REQUIRED ACTION — Omit pictures and quote the listing below line by line, from its start through the line that holds "Sexy Blonde Babe With Big Boobs Strips Bra".

RECORDED INFORMATION —
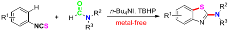 朱強課題組在高價碘參與或者催化的脫氫偶聯(lián)反應用于合成含氮雜環(huán)這一研究方向,已經(jīng)取得了一些成果 (Chem. Eur. J., 2012, 18, 13964; Org. Lett., 2013, 15, 3476; Chem. Commun., 2013, 49, 7352.)。在此基礎上,課題組最近發(fā)展了 “一鍋法”合成2-胺基苯并噻唑類衍生物的新方法。2-胺基苯并噻唑這一核心骨架廣泛存在于天然產(chǎn)物和藥物分子中,具有廣譜的生物活性。該方法以各種一級、二級脂肪胺、芳胺甚至氨基酸酯衍生的甲酰胺為胺源,通過碘化物和過氧化物促進的脫羰基形成相應的胺基自由基中間體,然后對芳基異硫氰酸酯的加成以及相應的硫自由基的環(huán)合,得到各種2-位胺基取代的苯并噻唑。該方法與傳統(tǒng)的合成這類化合物的方法相比,具有胺基類型廣泛、無過渡金屬參與等優(yōu)點。
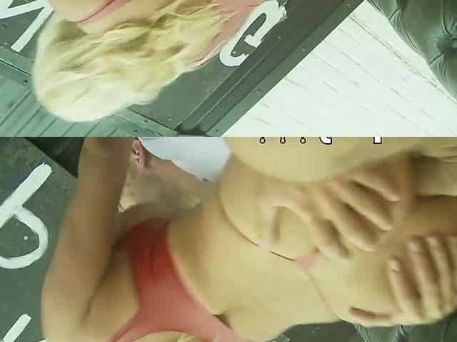 Sexy Blonde Babe With Big Boobs Strips Bra
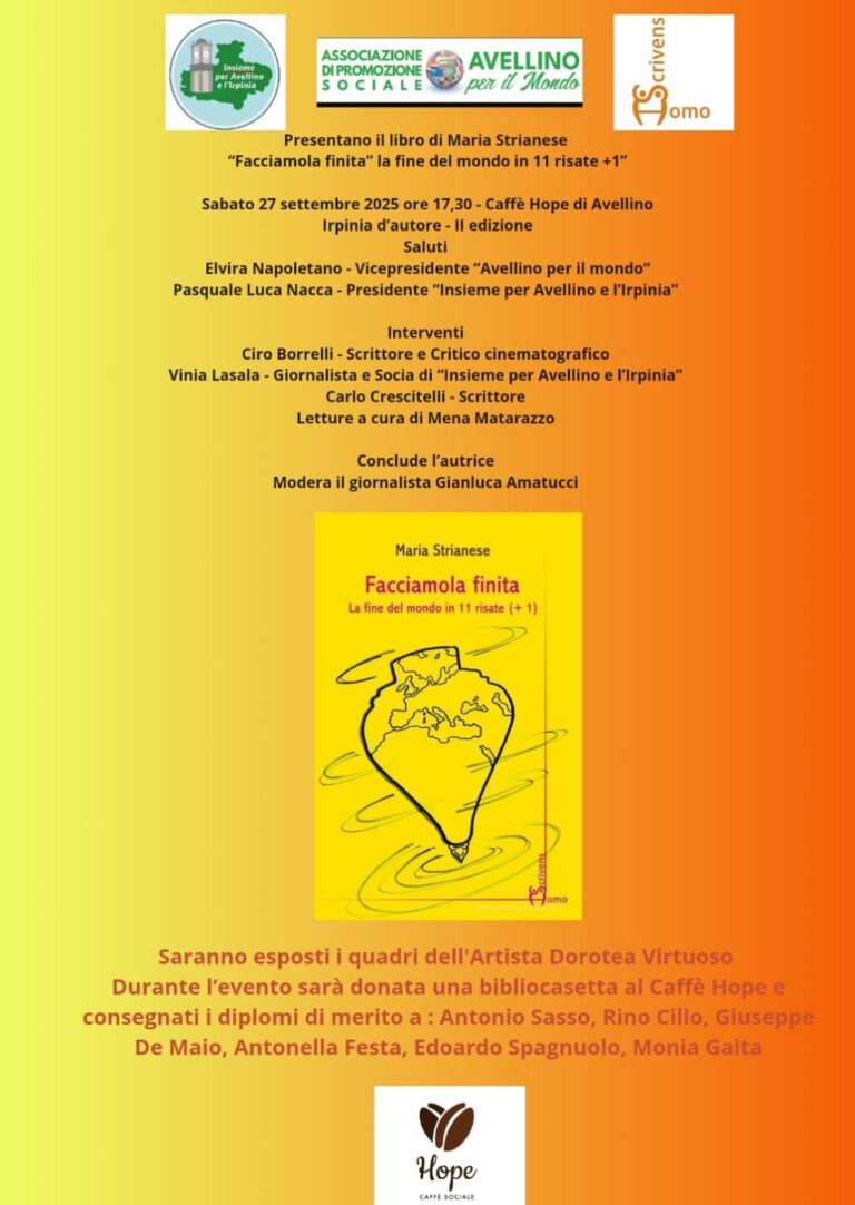 Riparte, alla sua seconda edizione Irpinia d’autore promossa da “Insieme per Avellino e l’Irpinia”. Sabato 27 Settembre, alle 17.30, presso il caffè Hope di Avellino appuntamento con la presentazione del libro di Maria Strianese “Facciamola finita – la fine del mondo in 11 risate+1”. Ogni racconto, si legge nelle note che accompagnano il volume, è una strampalata ipotesi di fine…
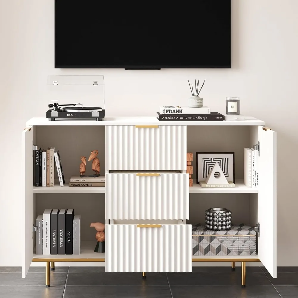- Stylish Storage Furniture: Enhance your space with this storage furniture featuring a modern fluted design and gold details. Perfect for use as a media console cabinet or buffet cabinet with drawers, it blends seamlessly with dining room or living room decor.

TASK ANSWER —
 朱強課題組在高價碘參與或者催化的脫氫偶聯(lián)反應用于合成含氮雜環(huán)這一研究方向,已經(jīng)取得了一些成果 (Chem. Eur. J., 2012, 18, 13964; Org. Lett., 2013, 15, 3476; Chem. Commun., 2013, 49, 7352.)。在此基礎上,課題組最近發(fā)展了 “一鍋法”合成2-胺基苯并噻唑類衍生物的新方法。2-胺基苯并噻唑這一核心骨架廣泛存在于天然產(chǎn)物和藥物分子中,具有廣譜的生物活性。該方法以各種一級、二級脂肪胺、芳胺甚至氨基酸酯衍生的甲酰胺為胺源,通過碘化物和過氧化物促進的脫羰基形成相應的胺基自由基中間體,然后對芳基異硫氰酸酯的加成以及相應的硫自由基的環(huán)合,得到各種2-位胺基取代的苯并噻唑。該方法與傳統(tǒng)的合成這類化合物的方法相比,具有胺基類型廣泛、無過渡金屬參與等優(yōu)點。
 Sexy Blonde Babe With Big Boobs Strips Bra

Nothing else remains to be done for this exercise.